To do ▸ Make an exact copy, from the records below, of the lines from the line containing "Специалисты Управления администрации" to the line containing "意味不明あだ名 | 『とにかく怪しいしばさきえり』 |", both lines included, excluding pictures.

------ Data records

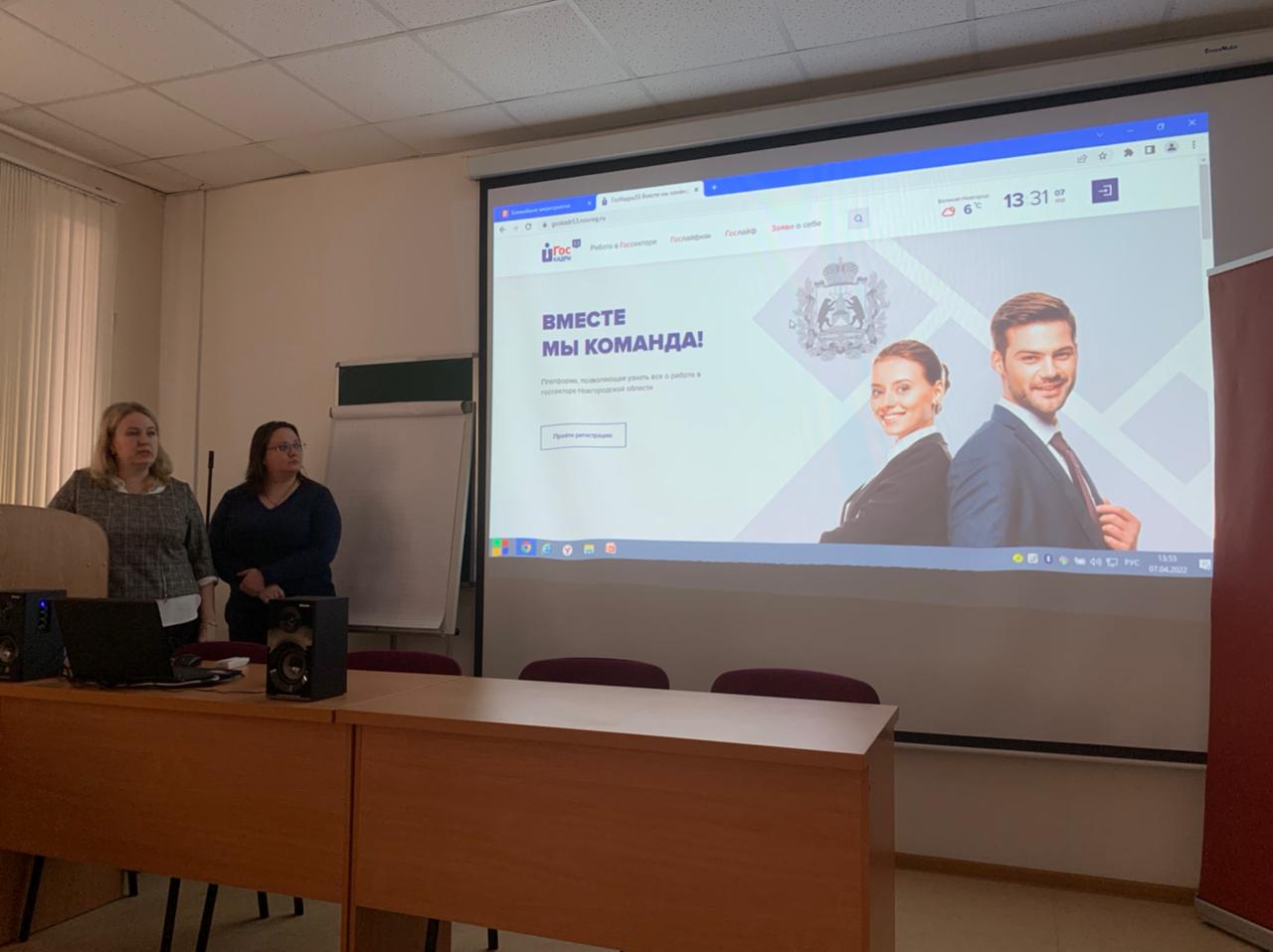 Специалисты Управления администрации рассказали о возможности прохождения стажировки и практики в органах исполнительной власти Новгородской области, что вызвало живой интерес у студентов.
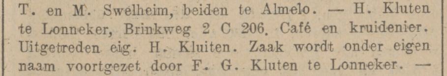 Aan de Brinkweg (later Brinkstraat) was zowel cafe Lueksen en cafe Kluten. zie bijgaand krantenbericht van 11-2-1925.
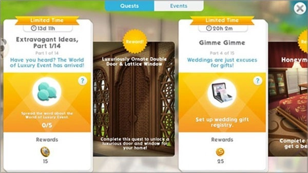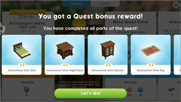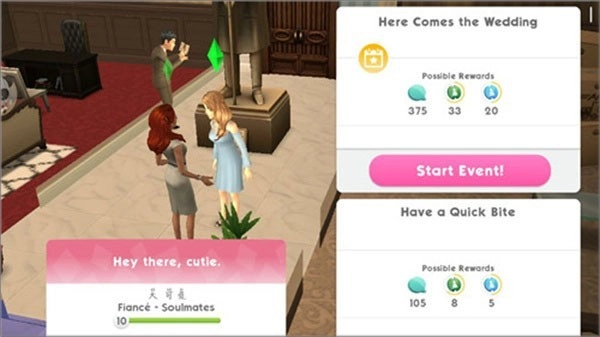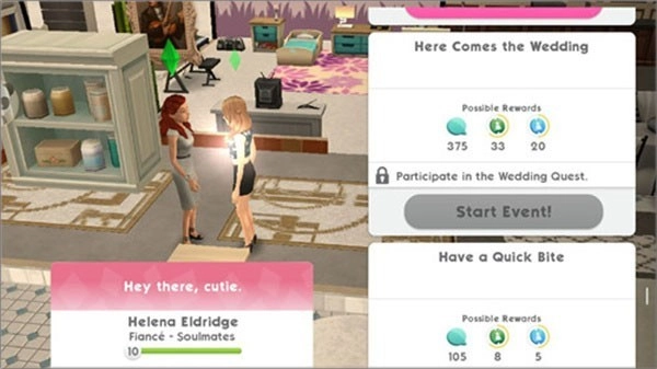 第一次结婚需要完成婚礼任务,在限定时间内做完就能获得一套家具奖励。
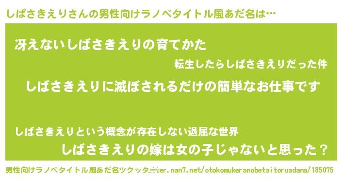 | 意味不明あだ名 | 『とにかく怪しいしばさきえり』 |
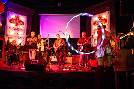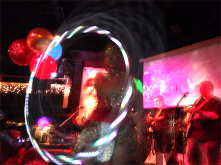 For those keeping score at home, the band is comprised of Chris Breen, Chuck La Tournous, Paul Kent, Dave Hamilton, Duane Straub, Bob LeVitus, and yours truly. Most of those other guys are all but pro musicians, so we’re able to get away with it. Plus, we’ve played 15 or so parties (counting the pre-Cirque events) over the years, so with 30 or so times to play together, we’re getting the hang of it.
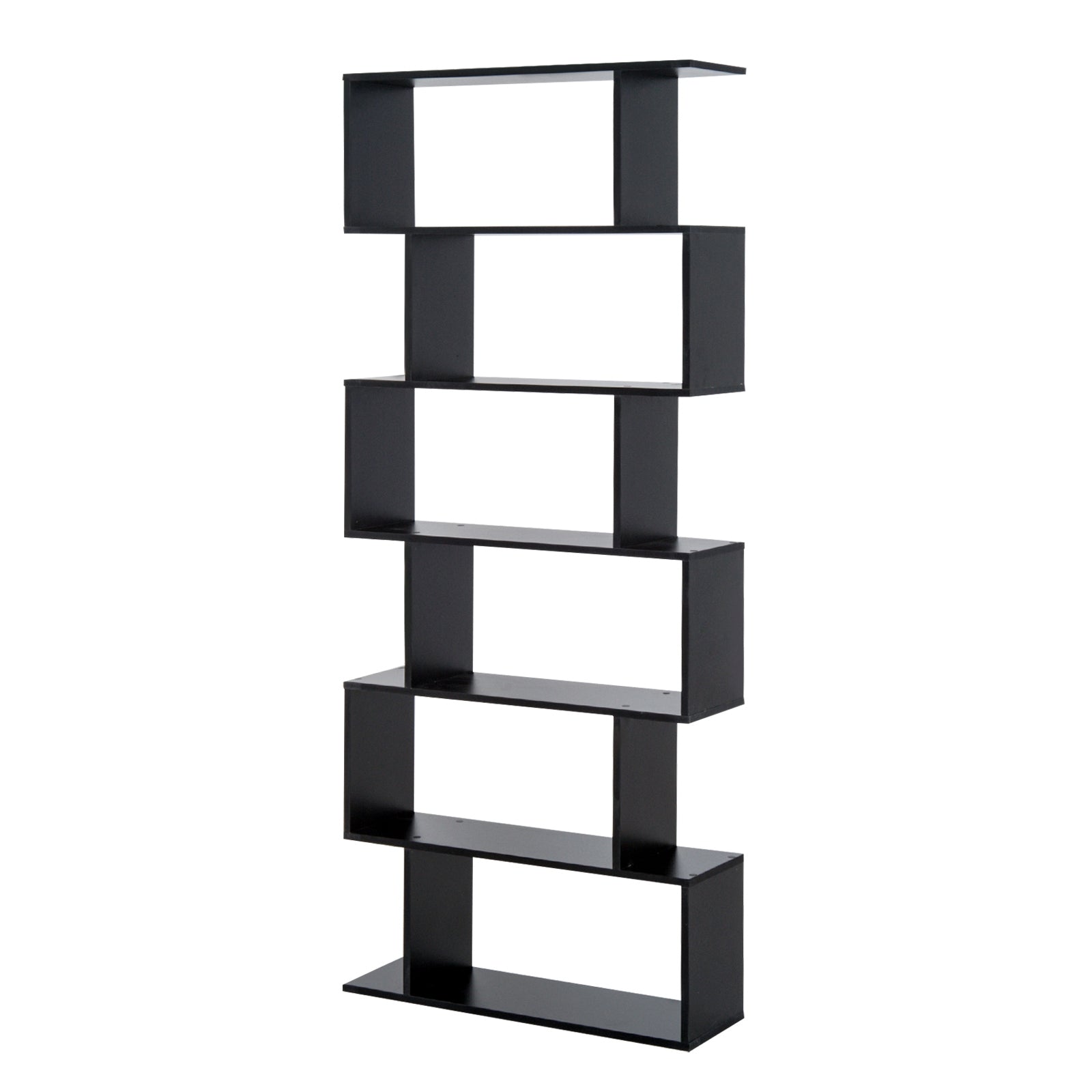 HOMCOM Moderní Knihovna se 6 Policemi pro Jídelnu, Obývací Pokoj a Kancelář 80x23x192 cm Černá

------------
------ Data records

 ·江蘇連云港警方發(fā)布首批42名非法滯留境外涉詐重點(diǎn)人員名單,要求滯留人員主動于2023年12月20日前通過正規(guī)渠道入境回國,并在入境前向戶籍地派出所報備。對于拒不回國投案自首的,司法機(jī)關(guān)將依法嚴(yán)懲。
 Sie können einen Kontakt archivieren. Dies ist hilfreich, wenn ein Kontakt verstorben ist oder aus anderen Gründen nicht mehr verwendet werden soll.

------------
------ Data records

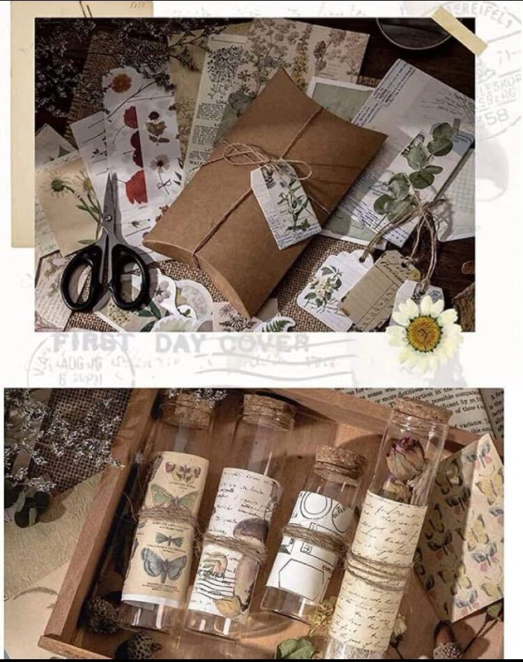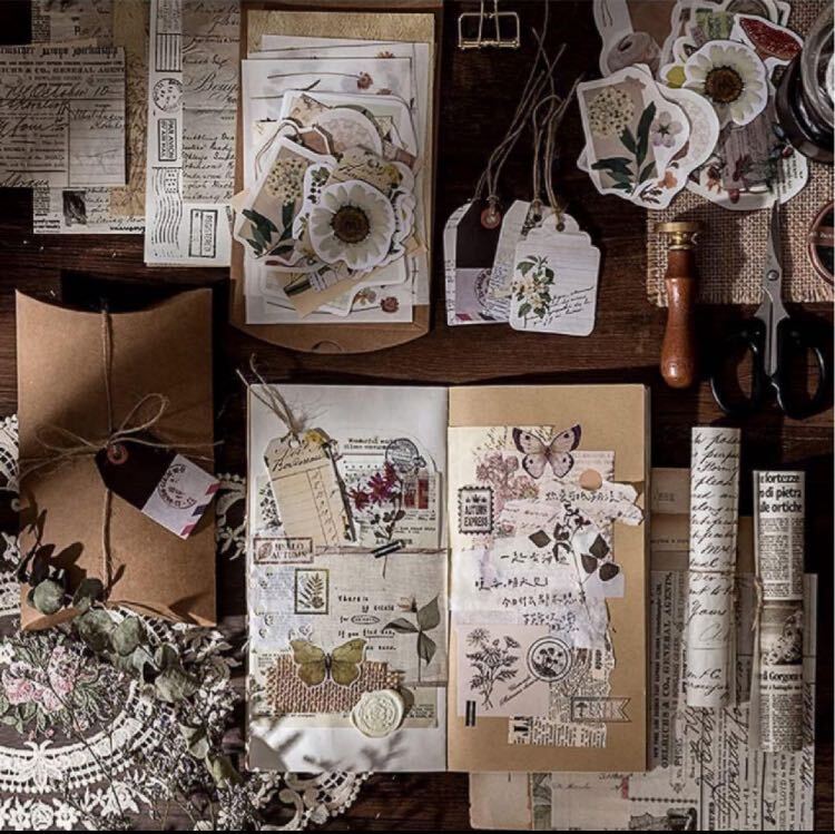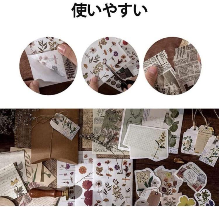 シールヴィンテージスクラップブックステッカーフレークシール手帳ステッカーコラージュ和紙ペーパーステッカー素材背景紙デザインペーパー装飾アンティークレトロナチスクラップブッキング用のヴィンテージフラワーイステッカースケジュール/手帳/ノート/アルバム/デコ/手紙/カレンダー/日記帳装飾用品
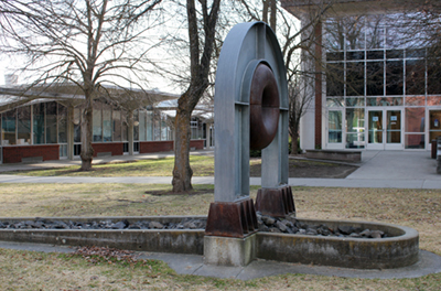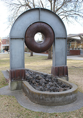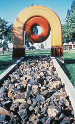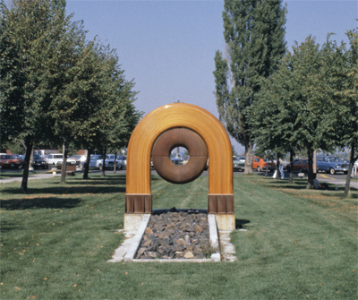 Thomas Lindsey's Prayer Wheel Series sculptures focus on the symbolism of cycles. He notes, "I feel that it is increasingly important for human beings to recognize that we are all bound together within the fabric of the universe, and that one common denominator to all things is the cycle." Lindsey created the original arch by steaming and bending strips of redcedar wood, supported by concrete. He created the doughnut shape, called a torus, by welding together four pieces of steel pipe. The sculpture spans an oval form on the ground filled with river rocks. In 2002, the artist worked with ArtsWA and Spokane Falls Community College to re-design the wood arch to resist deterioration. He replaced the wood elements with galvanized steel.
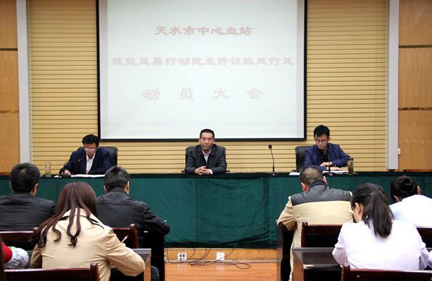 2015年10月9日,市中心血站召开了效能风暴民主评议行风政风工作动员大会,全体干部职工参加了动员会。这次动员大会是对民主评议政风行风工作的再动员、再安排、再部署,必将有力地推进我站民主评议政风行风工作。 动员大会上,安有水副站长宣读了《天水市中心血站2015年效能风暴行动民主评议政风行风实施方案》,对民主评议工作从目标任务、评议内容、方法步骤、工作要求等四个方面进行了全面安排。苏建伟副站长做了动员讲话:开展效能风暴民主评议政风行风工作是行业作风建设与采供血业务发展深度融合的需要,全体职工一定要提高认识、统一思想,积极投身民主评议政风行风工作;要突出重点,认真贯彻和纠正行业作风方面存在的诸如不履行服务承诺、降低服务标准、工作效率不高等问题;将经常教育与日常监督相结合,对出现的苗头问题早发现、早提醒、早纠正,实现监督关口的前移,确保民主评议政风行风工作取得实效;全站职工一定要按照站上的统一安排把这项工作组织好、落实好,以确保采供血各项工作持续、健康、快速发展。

------------

Solution ▸
 Специалисты Управления администрации рассказали о возможности прохождения стажировки и практики в органах исполнительной власти Новгородской области, что вызвало живой интерес у студентов.
 Aan de Brinkweg (later Brinkstraat) was zowel cafe Lueksen en cafe Kluten. zie bijgaand krantenbericht van 11-2-1925.
 第一次结婚需要完成婚礼任务,在限定时间内做完就能获得一套家具奖励。
 | 意味不明あだ名 | 『とにかく怪しいしばさきえり』 |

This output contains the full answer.